Ron Nagle, Captive Morgan, 2012, faïence, émail, polyuréthane catalysé et résine époxy, 14,6 x h 13,3 x 14,6 cm, collection particulière. © Ron Nagle, Courtesy Matthew Marks Gallery

Belle actualité au Musée d’art moderne de Paris qui se penche sur l’art de la céramique et le couple Anni et Josef Albers. Anne Dressen commissaire des « Flammes, l’ Âge de la céramique » referme avec brio la trilogie des expositions Decorum en 2013 (sur la tapisserie) et Medusa en 2017 (sur les bijoux) autour d’une approche décloisonnée des arts dont elle me faisait part lors d’un passionnant entretien (relire).

Anonyme (site de Fort Harrouard, Sorel-Mousson, France), statuette féminine, néolithique moyen, terre cuite modelée, 7,8 x h 13,8 x 1,5 cm, Musée d’Archéologie nationale, Saint- Germain-en-Laye. © RMN-Grand Palais (MNAAG, Paris) / Michel Urtado

Revendiquant la céramique comme un medium et non un genre artistique, elle nous plonge dans un parcours transhistorique qui bouscule les catégories habituellement en vigueur : l’ancien et le contemporain, l’art, le design et l’artisanat, le fonctionnel et le sacré. Des facettes contradictoires mais pas inconciliables, comme Anne Dressen le souligne : « A l’instar de l’art du Kintsugi qui recolle les fragments cassés tout en sublimant les cicatrices, Les flammes entend aborder la céramique comme un contenant autant qu’un contenu, en réconciliant sans les opposer chacune de ses qualités propres ». Le feu est bien cette matrice originelle comme cela est souligné dès le titre et chaque cuisson de par son caractère imprévisible ajoute au mystère et à la fascination. On parle d’ailleurs souvent des potiers comme des sortes d’alchimistes jalousant leurs secrets dans leurs campagnes reculées.
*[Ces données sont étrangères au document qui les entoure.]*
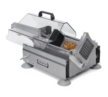 Optimize restaurant workflow with the Nemco, 56455-2, French Fry Cutter. This monster airmatic frykutter is designed to cut extra large potatoes with ease, making it perfect for high-volume commercial restaurant use. With a 3/8" cut and a pneumatic air cylinder with built-in air-piloted cushions, this fry cutter can effortlessly slice through 720 potatoes per hour, saving you valuable time and effort. Not only can it handle potatoes, but it can also cut soft vegetables, expanding its versatility in the kitchen. The clear polycarbonate guard ensures safety while the cast aluminum and stainless steel construction guarantee durability. The suction cup feet provide stability during operation, and it is NSF certified for added peace of mind. Made in the USA by Nemco, this French fry cutter is a reliable and authentic choice for any commercial kitchen.

Si les artistes ont toujours été nombreux à s’essayer à cette discipline tels que Gauguin, les Fauves, Picasso ou Fontana représentés, une recrudescence actuelle de ce phénomène interroge sur le pouvoir de l’argile dompté par l’homme depuis la nuit des temps. Une manipulation instinctive immédiate de l’ordre de la jouissance à laquelle s’ajoutent d’autres projections et imaginaires. Une forme d’obsession qui conduira même à la folie certains artistes comme le souligne la commissaire.
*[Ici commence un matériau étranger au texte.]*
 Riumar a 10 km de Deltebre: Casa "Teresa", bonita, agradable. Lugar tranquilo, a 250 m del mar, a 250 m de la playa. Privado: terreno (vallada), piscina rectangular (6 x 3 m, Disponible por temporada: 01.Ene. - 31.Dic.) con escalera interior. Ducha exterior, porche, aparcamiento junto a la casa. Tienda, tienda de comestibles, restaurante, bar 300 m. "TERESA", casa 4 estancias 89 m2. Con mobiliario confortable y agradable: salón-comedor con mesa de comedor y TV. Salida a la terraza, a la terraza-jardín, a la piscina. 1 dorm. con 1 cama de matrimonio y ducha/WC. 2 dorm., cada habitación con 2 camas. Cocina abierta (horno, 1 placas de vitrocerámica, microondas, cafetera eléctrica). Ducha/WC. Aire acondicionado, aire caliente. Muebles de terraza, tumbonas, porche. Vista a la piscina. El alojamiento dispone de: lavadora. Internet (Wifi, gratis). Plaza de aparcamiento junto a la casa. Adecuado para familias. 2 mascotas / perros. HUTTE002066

Takuro Kuwata, Bowl, 2014, porcelaine et émail, 13,5 x h 13 x 14,5 cm. Courtesy de l’artiste et de Pierre Marie Giraud, Bruxelles, Belgique
Photo : © Tadayuri Minamoto

Le parcours qui rassemble pas moins de 350 pièces allant du Néolithique à nos jours aborde dans une première partie les techniques (fours, outils, décors) puis les usages (utilitaires, artistiques, rituels) pour se refermer sur les messages (trompe-l’œil, difforme et politique), cette dernière partie étant à mon sens la plus brillante. L’installation grandiose et iconoclaste de l’artiste britannique Clare Twomey constituée d’une montagne de débris d’assiettes, mugs, tasses, plats, théières… plante le décor ! C’est assez déstabilisant mais au fur et à mesure l’œil s’habitue et s’oriente.  

George E. Ohr, Sans titre, 1900, grès, cuisson bois, ø 12,1 x h 8,9 cm, The Museum of Everything, Londres, Royaume-Uni. © Courtesy of The Museum of Everything, Londres, Royaume-Uni

Si la plus ancienne céramique ancienne connue est une Vénus sculptée du Paléolithique, elle s’inscrit de fait dans une démarche culturelle même si sa valeur réside en son caractère spontané et anonyme. La question de l’auteur se trouve en effet mise à mal puisqu’un l’on sait qu’un même vase nécessite l’intervention de plusieurs mains. Au XVIIIème siècle les grands échanges diplomatiques et commerciaux vont cristalliser cette fascination de l’Occident pour la porcelaine chinoise que l’on cherche à imiter par tous les moyens jusqu’à la découverte du kaolin. Un art trop souvent enfermé dans le décoratif qui donne ensuite lieu à des contres-esthétiques autour de l’accident volontaire, du difforme et du négligé : les formes contemporaines du sloppy. La céramique devient alors un vecteur d’affirmations politiques et sociales engagées au-delà d’une allure volontairement provocante. De cette bad ceramic longtemps ostracisée et dévalorisée, un foisonnement sans précédent lui redonne son pouvoir de résistance. Les assiettes dessinées par Judy Chicago pour son installation « The Diner Party » (1974-79) conservée au Brooklyn Museum s’impose comme la première œuvre féministe à grande échelle.  A noter qu’un colloque organisé par les Amis du Musée de Sèvres prolonge ses enjeux autour des rapports entre céramique et politique.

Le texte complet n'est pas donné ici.